Updated

A Florida mom is suing a hospital after a nurse reportedly cut off part of her infant daughter's finger while removing an IV, myFOXtampabay reports.

Veronica Olguin is suing the Heart of Florida Regional Medical Center after the incident in October.

Olguin's 3-month-old daughter Selena had been in the hospital for three days recovering from a high fever.

When a nurse went to remove the tape that attached the baby's IV with scissors, she severed part of the child's finger.

"There was blood everywhere. It was all over her shirt, it was on my shirt. It was on my face. I held her face close to my chest. She was red, she was screaming," Olguin said.

Olguin's attorney Lou Pendas says both the nurse and the hospital were negligent.

"The nurse threw the scissors used to sever the pinky in a panic. She rushed out of the room, screaming, and that's when the doctors rushed back into the room," Pendas said.

About half of Selena's finger was found on the floor, but the veins were too small to reattach it.

Pendas claims that while attorneys for the hospital were responsive to him at first, they stopped responding, forcing him to file the lawsuit.

The hospital released a statement through their attorneys, saying, "We deeply regret the harm to the child and want to reiterate our compassion and concern for her and her family. We reached out right away to the child's family and their attorney, but have not been able to reach a mutually agreeable resolution. We want to reiterate our compassion and concern for the child and her family."

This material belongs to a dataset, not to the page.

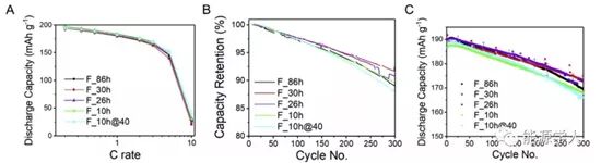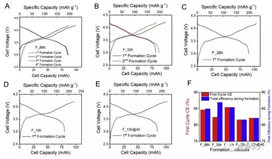 图1.不同化成方案的NMC811/石墨电池的充放电曲线(A)86h,(B)30h,(C)26h,(D)10h和(E)10h@40(F)不同方案电池的库仑效率。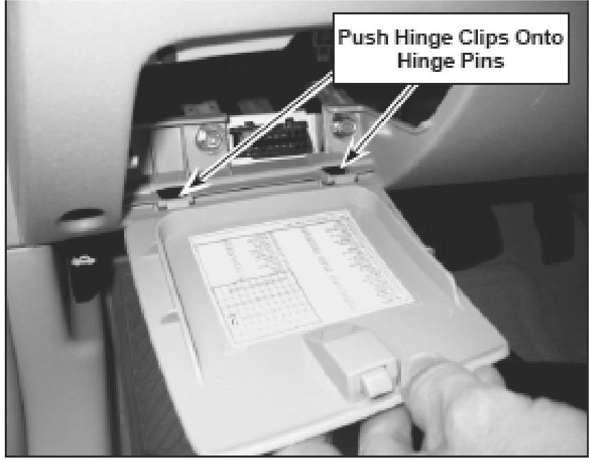 2. Insert new fuse box cover hinge clips onto instrument panel hinge pins and push inward until the cover snaps into place. Close fuse box cover.

Richards Ford with Wicker Smith out of Orlando, which represents the hospital, told myFOXtampabay the nurse is back at the hospital, but he couldn't say whether she was working with patients or not.

Olguin says she still has nightmares about the incident, and she believes Selena does too.

"I saw everything. And it's really hard what I went through. And I can't imagine what she went through," she said.

Olguin claims Selena wakes up crying often in the night, and she worries for her child's future in sports and school without a finger.

"It's really hard that she, she was born so perfect.," she said.